The most common method used to measure inequality is known as the Gini coefficient.¹ This is a mathematical measure which looks at income distribution over a whole society, not just between different pre-defined groups. By lining up the whole population from poorest to richest and calculating the percentage of income each person has, this measure can show how far a society is from a perfectly equal one.
The problem with the Gini coefficient is that while it gives you a number to indicate how much inequality there is (0 = complete equality, 100 = very very unequal!), it won’t say anything about the nature of the inequality in a particular society. For example, relative inequality could stay the same, or even decrease, even when absolute poverty increased, so the Gini-coefficient would give the impression that things were getting more equal even though they weren't.

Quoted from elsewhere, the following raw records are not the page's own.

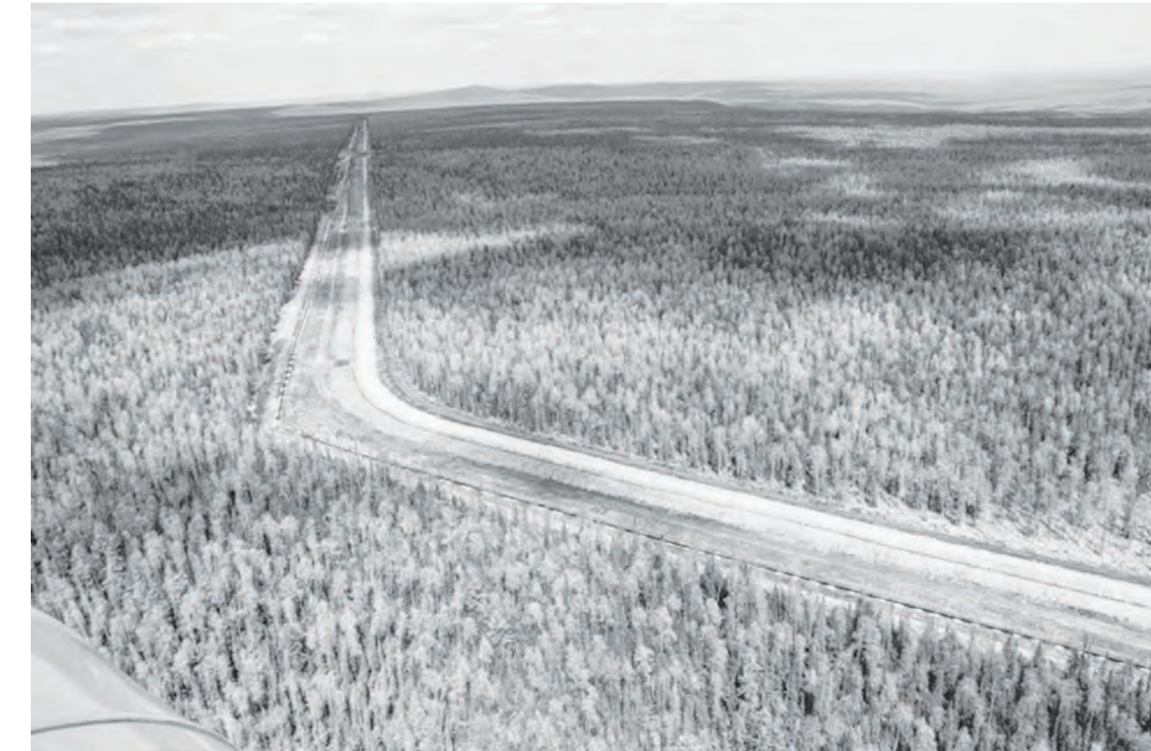
Маршрут трассы нефтепровода Куюмба-Тайшет пролегает через безлюдную тайгу

Протяженность трубы – около 700 км, при этом большая ее часть (порядка 500 км) проходит по территории нашего края, пересекая Эвенкийский, Богучанский и Нижнеингашский районы. Пропускная способность – 15 млн тонн нефти в год. Начинается нефтепровод в Куюмбе, конечной точкой станет ГНПС «Тайшет» (головная нефтеперекачивающая станция трубопроводной системы ВСТО). Помимо линейной части трубопровода предполагается строительство четырех нефтеперекачивающих станций, три из которых будут расположены в Красноярском крае, и объектов инфраструктуры. Строительство идет в два этапа: линейная часть и две нефтеперекачивающие стан-
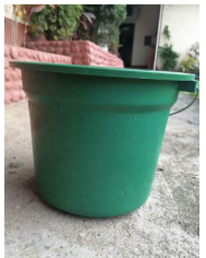
Malinis na timba
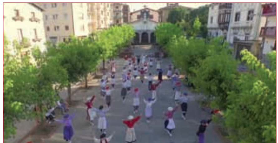
"Urnietta Hegapean" izenburu horrekin Vimeo atarian ikusgai dago mendeurrena gogoan duen bideoa.
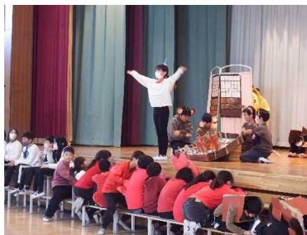
5年生「英語劇」さるかに合戦 堂々とした台詞と全員で仕上げた劇でした
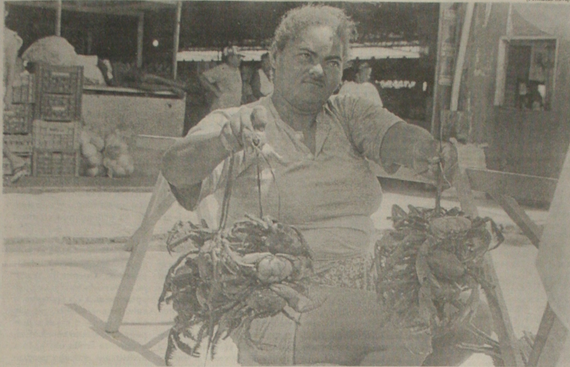
Enquanto nos mercados, a corda de caranguejos custa em média R$ 2,00, na orla o produto virou artigo de luxo

O presidente Fernando Henrique Cardoso descartou em entrevista coletiva que concedeu ontem, antes do comício eleitoral em Macapá, a edição de um pacote com novas medidas na área econômica. Ele disse que as medidas estão sendo tomadas e continuarão a ser feitas na medida da necessidade. "Não se trata de pacote, mas de manter a defesa do real e da economia e, evidentemente, havendo, como houve, uma fuga de capitais, nós tínhamos de tomar e tomamos medidas." O presidente ressaltou que a condução da política econômica não será feita aos sobressaltos. "As medidas foram tomadas com competência pelo Banco Central (BC), com o meu apoio político", frisou. Fernando Henrique reiterou que a função de presidente é mais importante do que a condição de candidato. "Sou o presidente do Brasil e tomarei as medidas necessárias, populares ou impopulares, do a quem doer, para defender o interesse nacional". Ele reafirmou que vai continuar atuando "com tranquilidade, com firmeza" e que não vai transformar as questões do País em questões eleitorais. O presidente negou que à noite iria se encontrar com o ministro da Fazenda, Pedro Malan. "Não tenho nada marcado com o Malan para hoje", afirmou.
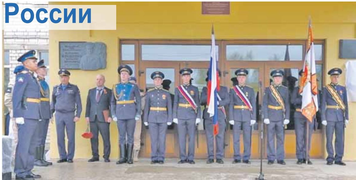
На торжественной церемонии.
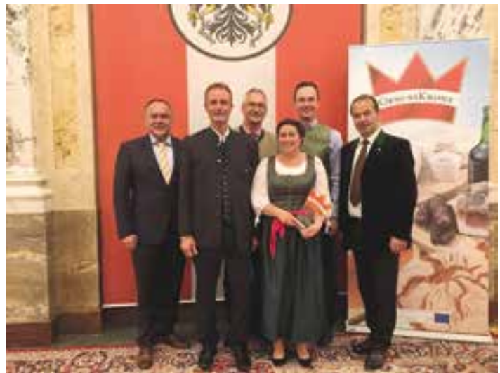
Družina Weber, Bilčovs: kategorija „nektar“ (jagodni nektar)

GenussKrone Österreich je najvišje odlikovanje za regionalne specialitete in ga oddaja vsaki dve leti društvo Agrar. Projekt Verein najboljšim kmečkim direktnim prodajalcem. Kooperacijski partnerji so med drugim Kmetijske zbornice in Agrarmarkt Austria.
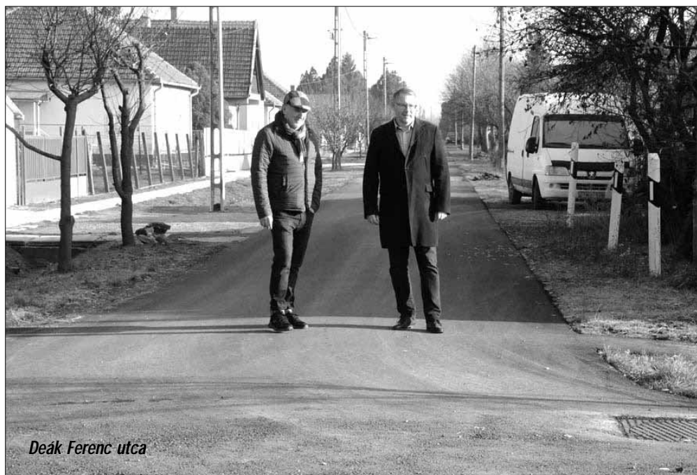
Deák Ferenc utca

Az önkormányzati tulajdonú lakóutakat illetően természetesen Sarkad Város Önkormányzatának fejlesztési programjában kiemelt célkitűzésként szerepel a meglévő aszfaltburkolatú önkormányzati utak felújítása, valamint a jelenleg még csak útalappal rendelkező önkormányzati utak szilárd burkolattal történő ellátása. Azonban ezeket a célkitűzéseket a települési önkormányzatok nem képesek saját forrásból megvalósítani, tekintettel arra, hogy egy már aszfalt-

Another approach is to simply split the population into groups, look the ‘share of the pie’ — in other words, the proportion of the total wealth — held by each group, and compare across groups. Often people compare the very wealthy 1% and the remaining 99% (the rest of the population). In the US, this 1% group have 40% of the whole nation’s wealth.² On a global scale, 1% of the world's population hold over half of the world’s wealth — that means they have more than the remaining 99% of people in the world altogether.³
The problem with this measure is that it doesn’t take into account what kind of wealth people have, and how much opportunity they have available to them even without financial wealth. So for example, a university student in $100,000 of debt but with a well-respected degree and high-earning job would be seen as poorer than someone with no debt but barely making their monthly bills. This doesn’t mean inequality isn’t a huge issue - it just means that our measures of it don’t always accurately reflect the nuances of each individual situation.